§ **Material provided**
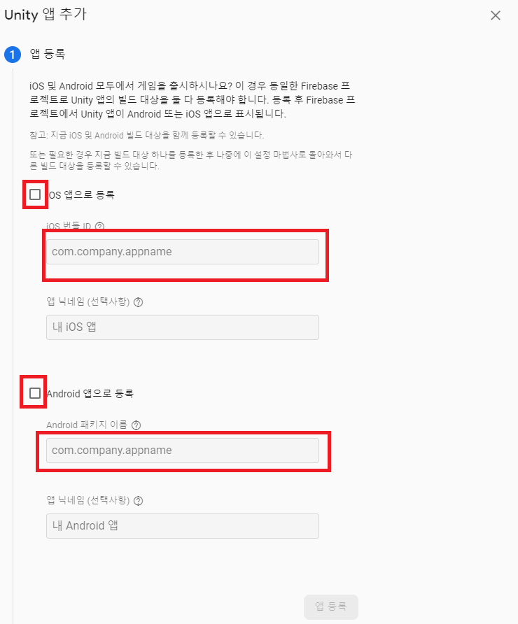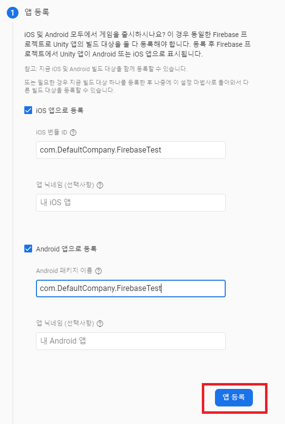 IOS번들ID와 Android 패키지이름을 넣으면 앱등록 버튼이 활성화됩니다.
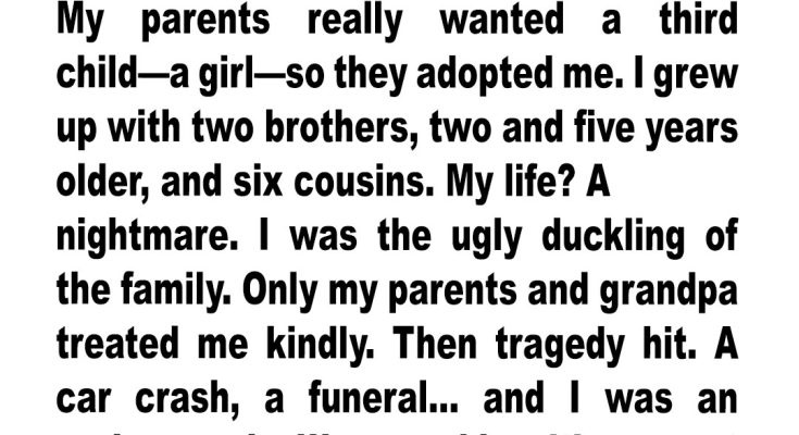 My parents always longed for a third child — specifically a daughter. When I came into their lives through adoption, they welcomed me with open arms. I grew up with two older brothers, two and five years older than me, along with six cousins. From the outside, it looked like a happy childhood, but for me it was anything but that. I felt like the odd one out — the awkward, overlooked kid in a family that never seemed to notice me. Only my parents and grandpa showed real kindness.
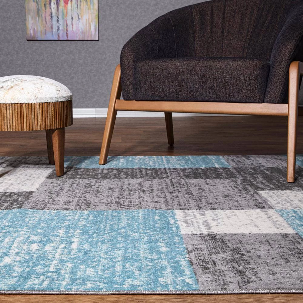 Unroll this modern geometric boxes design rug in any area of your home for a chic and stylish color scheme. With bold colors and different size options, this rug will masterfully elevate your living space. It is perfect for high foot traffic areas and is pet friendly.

---

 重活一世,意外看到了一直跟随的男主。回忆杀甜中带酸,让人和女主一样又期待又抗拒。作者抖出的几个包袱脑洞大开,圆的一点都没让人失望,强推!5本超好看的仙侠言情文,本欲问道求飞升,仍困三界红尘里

§ **Task details**
Output exactly the lines of the listing above that start with the one holding "IOS번들ID와 Android 패키지이름을 넣으면 앱등록 버튼이 활성화됩니다." and go on through the one holding "Unroll this modern"; leave the pictures out.

§ **Solution to the exercise**
 IOS번들ID와 Android 패키지이름을 넣으면 앱등록 버튼이 활성화됩니다.
 My parents always longed for a third child — specifically a daughter. When I came into their lives through adoption, they welcomed me with open arms. I grew up with two older brothers, two and five years older than me, along with six cousins. From the outside, it looked like a happy childhood, but for me it was anything but that. I felt like the odd one out — the awkward, overlooked kid in a family that never seemed to notice me. Only my parents and grandpa showed real kindness.
 Unroll this modern geometric boxes design rug in any area of your home for a chic and stylish color scheme. With bold colors and different size options, this rug will masterfully elevate your living space. It is perfect for high foot traffic areas and is pet friendly.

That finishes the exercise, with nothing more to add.